Hermes Agent's browser tools (`tools/browser_tool.py`) currently require [Browserbase](https://www.browserbase.com/) — a paid cloud service — for all browser automation. This creates a hard paywall for browser capabilities: users without a Browserbase subscription cannot use `browser_navigate`, `browser_click`, `browser_snapshot`, or any of the 10 browser tools.

[Eigent](https://github.com/eigent-ai/Eigent) (Apache-2.0, 12.8k stars), an open-source multi-agent desktop app built on [CAMEL-AI](https://github.com/camel-ai/camel), demonstrates a robust local browser approach using Chrome DevTools Protocol (CDP) with a **thread-safe browser pool manager** that allocates separate CDP ports for parallel agent tasks. This pattern could give Hermes a local browser backend alongside the existing Browserbase cloud option.

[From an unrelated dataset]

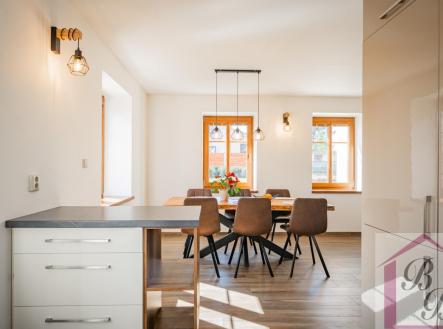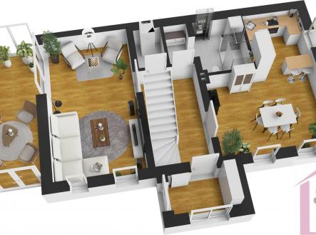 Ve výhradním zastoupení zprostředkuji prodej kompletně zrekonstruovaného rodinného domu o dispozici 6+kk a podlahové ploše 160,39 m2 s pozemky o celkové rozloze 1.286 m2 v obci Svijanský Újezd, okres Liberec. Dům prošel v letech 2019 až 2023 kompletní, velice zdařilou a vkusnou rekonstrukcí, při níž majitel kladl důraz na prosvětlení a vzdušnost interiéru zejména použitím světlých barev a přírodních materiálů, čímž nemovitost získala příjemnou a útulnou atmosféru. Při rekonstrukci byly zachovány jen základy, většina nosných svislých konstrukcí a stropní konstrukce přízemí domu. Zachované konstrukce byly upraveny a doplněny a vše ostatní je zcela nové, takže lze dům v podstatě považovat za novostavbu. V přízemí domu se nachází prostorná jídelna propojená s kuchyní s na míru vyrobenou kuchyňskou linkou vybavenou vestavnými spotřebiči (lednice s mrazákem, indukční varná deska, trouba, myčka), dále koupelna se sprchovým koutem a toaletou a technická místnost s elektrickým kotlem s akumulační nádrží. Je zde i obývací pokoj s krbovými kamny a na něj navazující prostorná zimní zahrada, která díky několika velkým francouzským oknům orientovaným na jih a západ s přímým vstupem na terasu nabízí velice příjemnou slunnou atmosféru. Z ústřední chodby se vzdušným dřevěným schodištěm dostaneme do podkroví domu, kde se nachází ložnice se šatnou, další 2 pokoje a koupelna. Ta je v současné době před dokončením a nechává tak novým majitelům prostor pro realizaci jejího finálního vzhledu a vybavení dle vlastních představ. Podkroví je otevřené s viditelnými částmi krovu, díky čemuž působí prostor velice prosvětleně a vzdušně. Dům je částečně podsklepený, přičemž sklep se nachází pod chodbou domu, má rozlohu 15 m2 a je vhodný zejména k uskladnění potravin. Dům je zděný a obvodové stěny jsou zatepleny 14 cm polystyrenu. Vchodové dveře a okna jsou plastová s izolačními trojskly, interiérové dveře jsou dýhované s obložkovými zárubněmi. Na podlahách je v 1. NP dlažba, v podkroví je plovoucí podlaha. Krov je dřevěný s krytinou z pálených tašek. Dům je napojen na elektřinu a veřejný vodovod. Vytápění domu je v 1. NP podlahové teplovodní, v podkroví jsou radiátory, zdrojem je elektrický kotel s akumulační nádrží, jež slouží i jako zdroj TUV. Odpady jsou svedeny do nově zřízené čističky odpadních vod. Z důvodu tvorby nového průkazu energetické náročnosti je zatím dům uveden ve skupině G. Kolem domu se nachází slunná zahrada, která díky své velké rozloze poskytuje dostatek místa na vybudování zázemí pro mnoho rodinných aktivit i příjemnou relaxaci v krásném prostředí. Na zahradě je prostorná garáž a je zde příprava plochy několika parkovacích stání, na jejíž dokončení je na pozemku složená stejná zámková dlažba, ze které jsou již nyní hotové zpevněné plochy a terasa kolem domu. Vjezd na pozemek je elektrickými vraty na dálkové ovládání. Obec Svijanský Újezd nabízí základní občanskou vybavenost. Je zde dětské hřiště, mateřská a základní škola, obchod, knihovna, restaurace, zrekonstruované koupaliště a sportovní areál. Svijanský Újezd je znám bohatým kulturním a společenským životem nejen díky tradičním Slavnostem Svijanského piva. Okolní příroda rovněž poskytuje dostatek možností na hezké procházky a cyklistické výlety. Obec Svijanský Újezd je vzdálena pouhých 10 km od Turnova, 25 km (15 minut autem) od Mladé Boleslavi, necelých 30 km (20 minut autem) od Liberce a 70 km od okraje Prahy, kde jste díky dálnici vzdálené 2 km za necelých 45 minut. Koupi domu lze financovat hypotečním úvěrem, se kterým vám ráda zdarma pomohu. V případě zájmu o prohlídku (po dohodě možné i o víkendu) nebo zodpovězení jakýchkoliv dotazů mě, prosím, neváhejte kdykoliv kontaktovat. Doporučuji prohlídku, protože se jedná o vkusně zrekonstruovaný dům v zajímavé lokalitě.

This would make browser automation accessible to all Hermes users without requiring a paid service, while preserving Browserbase as the premium option for stealth, CAPTCHA solving, and residential proxies.

---

## Research Findings

### How Eigent's Local Browser Works

Eigent uses a `HybridBrowserToolkit` backed by a `CdpBrowserPoolManager`:

**CDP Browser Pool Manager (thread-safe):**
- Manages a pool of Chrome browser instances, each on a separate CDP port
- Thread-safe port allocation for parallel agent tasks (critical since Hermes runs sub-agents via ThreadPoolExecutor)
- Lazy creation — browsers spun up on demand, not pre-allocated
- Up to 10 concurrent browser instances per worker type
- Each cloned agent gets its own CDP port from the pool
- Supports external browser connections (pre-authenticated sessions)

**16 Browser Actions:**
- Navigate, click, type, scroll, console execute
- Sheet read/input (for Google Sheets interaction)
- Page content extraction

**Key Design Pattern — Pool-per-Agent:**
```
Agent A (research task) ──→ CDP Port 9222 ──→ Chrome Instance 1
Agent B (form filling)  ──→ CDP Port 9223 ──→ Chrome Instance 2
Agent C (data scraping)  ──→ CDP Port 9224 ──→ Chrome Instance 3
```
Each agent gets an isolated browser session. No cross-contamination of cookies, state, or navigation history.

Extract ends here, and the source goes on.